EFFECTIVE COMMUNICATION IN RELATIONSHIPS

Communication in Relationships

How often when we are in a relationship do we complain about how our partner hasn’t heard what we have said? And how often do you find yourself saying I’ve already told you?

So what is going on here?  Why does one person feel they have conveyed something to their partner and for some mysterious reason they haven’t heard?

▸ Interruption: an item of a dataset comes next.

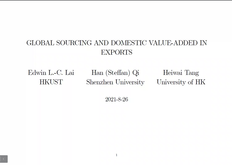最后,邓希炜教授分享了他的另一篇文章《GLOBAL SOURING AND DOMESTIC VALUE-ADDED IN EXPORTS》的主要成果。
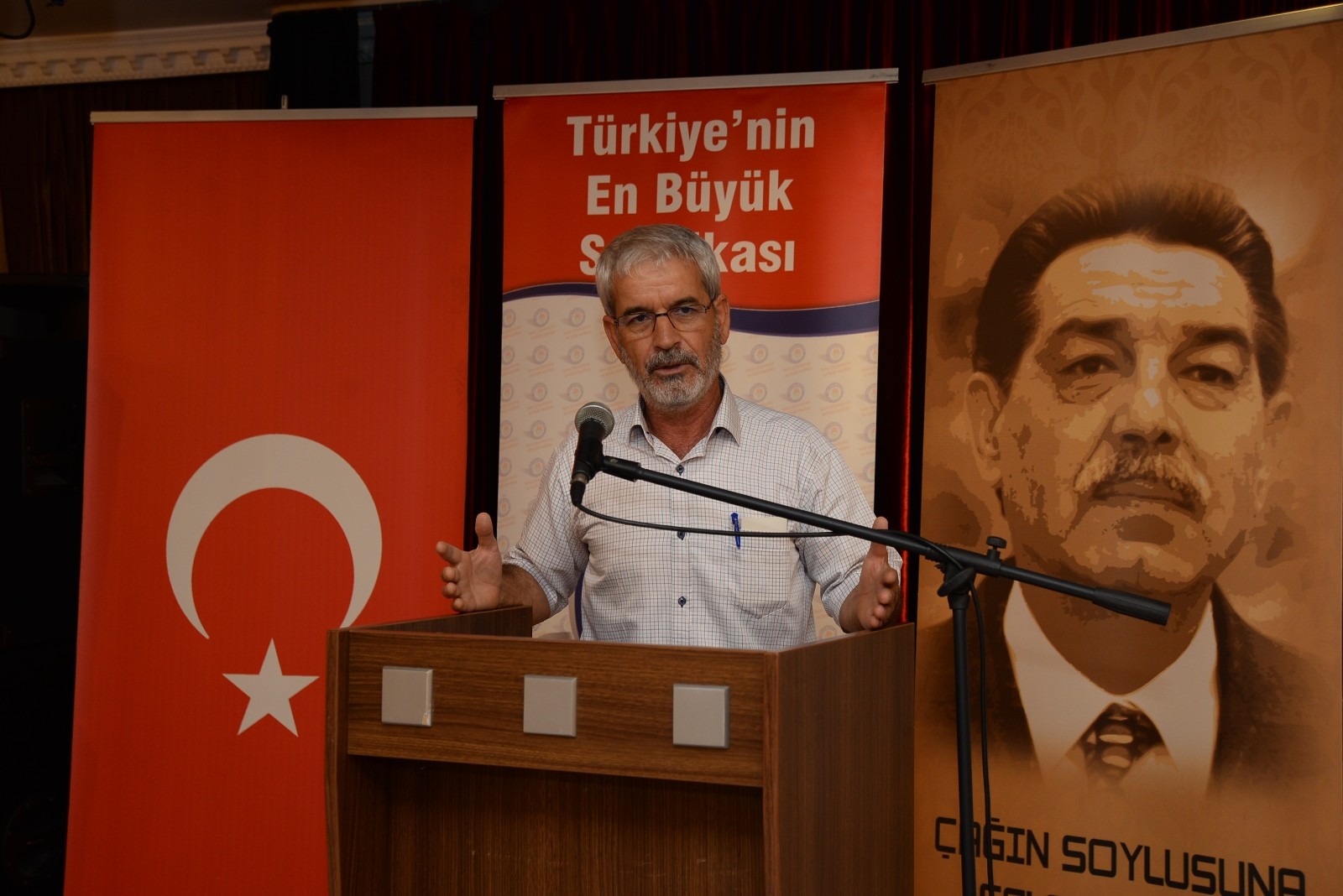 Ödül töreni Şube Başkanı Mehmet Çabuk’un açılış ve selamlama konuşması ile başladı. Mehmet Çabuk konuşmasında şunları söyledi ; “ Pandemi nedeniyle ertelenen, aslında 2019-2020 Eğitim-Öğretim yılı başından beri devam eden, il genelinde 700 öğrencinin katılımıyla gerçekleştirdiğimiz projemizin bu yıl 3.sünü düzenlemiş olduk. Önümüzdeki yıllarda bu sayının kartopu gibi büyüyerek artacağını ümit ediyorum. Amacımız medeniyet değerlerine bağlı inançlı, ülkesini, bayrağını, milletini seven nesiller yetiştirme yolunda katkı sunmaktır. Toplumumuzda son günlerde yaşadığımız çocuk katliamları, cinayetler gibi vahşetler, iyi ve vicdanlı insan yetiştirmenin önemini bir kez daha gösterdi. Bu katliamları yapan vicdansızlar da bir zamanlar masum bir çocuk iken, ne oldu da bu masum çocuk büyüyünce bir canavara dönüştü? Bunu iyi irdelememiz lazım. Bir an önce tedbirini almamız lazım. Gençler! Sizler, bizim için umutsunuz. Kendi medeniyet tarihimizden hareketle kurulacak yeni medeniyet hamlemizin Fatihlerisiniz . Eğer, siz hem şahsi hayatınızda hem de medeniyet çabamızda başarılı olmak istiyorsanız, bıkmadan usanmadan uğraşı verin. Hem manevi ilimlerde hem de maddi ilimlerde bir adım önde olun. Türkiye’mizin medeniyet davası için öncü olacak nesiller sizin içinizden çıkacak; inanın. Ümmetin toparlanışı için, mazlum insanlığa el uzatmak için, bir ayağınızı bu coğrafyaya sabitleyin, diğer ayağınızla dünyayı dolaşın. Eğer bunu becerebilirsek, bugün zor görünen şeyin yarın çok kolay olacağını da görürsünüz” dedi. Mehmet Çabuk konuşmasının sonunda katılımcılara, emeği geçen İlçe Başkan ve yönetim kurullarına, koordinatör öğretmenlere, değerlendirme yapan jüri üyelerine ve dereceye giren öğrencilerin annelerine ve babalarına böyle evlatlar yetiştirdikleri için teşekkür etti.

At the end of the day we are all wired differently.  Apart from the obvious fact that men and women are different we also have different maps of the world to how we view things.  This is because we have 2 million bits of information per second coming at us and at the base of our brain is what’s called the Reticular Activating System which is responsible for sorting & filtering this information through our internal representation system.  This means we take in information through our 5 senses; visual, auditory (sound), kinesthetic (feelings), smell and taste.  So our Internal representation system deletes, distorts & generalises what comes to us and this effects our values, beliefs, attitude, memories, decisions, language & our thought & behaviour patterns.

 

No wonder we see  things from different perspectives and viewpoints.  So I’m sure you all know from experience that yelling at someone gets you nowhere fast.  As does coming from a space of reaction so what’s the answer to effective communication?

 

Firstly it’s to come from a place of respect and love even if it’s something that is causing you distress.  It’s certainly not a good idea to discuss something that’s really important to you if it’s not the right time.  In other words don’t do it when you are in the car driving because you are not going to have their full attention, as well as doing it when you are in angry or hurt space either.  The reason being is that you will be coming from a reactive space which will not benefit either of you.

 

CONNECT FIRST BEFORE TALKING

 

A great way to keep on track with your communication, especially after doing the relationship audit is to make a time to sit down and talk.  Start with sitting opposite each other, closing your eyes and connecting with yourself first by taking a few deep breaths into your belly.  Then open your eyes and just look at each other.  Look at each other’s left eye only, this is a fast track way to connect to each other.  Do this for as long as it takes to connect, you will feel when you are ready and when that point comes put your right hand on the other person’s heart and take a few breaths and then you are ready.

 

One person at a time should say what needs to be said and the other person is to just receive it, not interrupt and when the person is complete to say thank you and then it’s your turn to say what you want.  This ensures the other person hears what has to be said.  Sometimes it can be helpful for the other person to acknowledge what you have said and repeat back some of the key points.  If what you hear upsets you, take a few deep breaths to centre yourself and to enable you to respond from a non reactive space.

 

COME FROM A SPACE OF LOVE

 

The best way to start these types of communications is to say something like “I love xyz that you do”  this starts off with a positive statement & doesn’t get your partner off side.  Then you can follow up with “What I would like to see more of is xyz because it makes me feel xyz“.  This then opens the communication in an open space.  Always speak from the space of I not you.  Then you can both look at ways to resolve the issue by communicating clearly and effectively and working at a solution together.  Sometimes you may not agree straight away on a solution, so you can have time out and let it sit and perculate for a set period and come back to it.  Another alternative is to try a different way for a few weeks as a trial and then come back and review it.

 

The most important thing is to come from your heart rather than your head and to speak your truth, what is true for you.  When you communicate effectively with each other this helps to connect you to each other in a positive and respectful way, which ultimately is more effective for your relationship to grow deeper.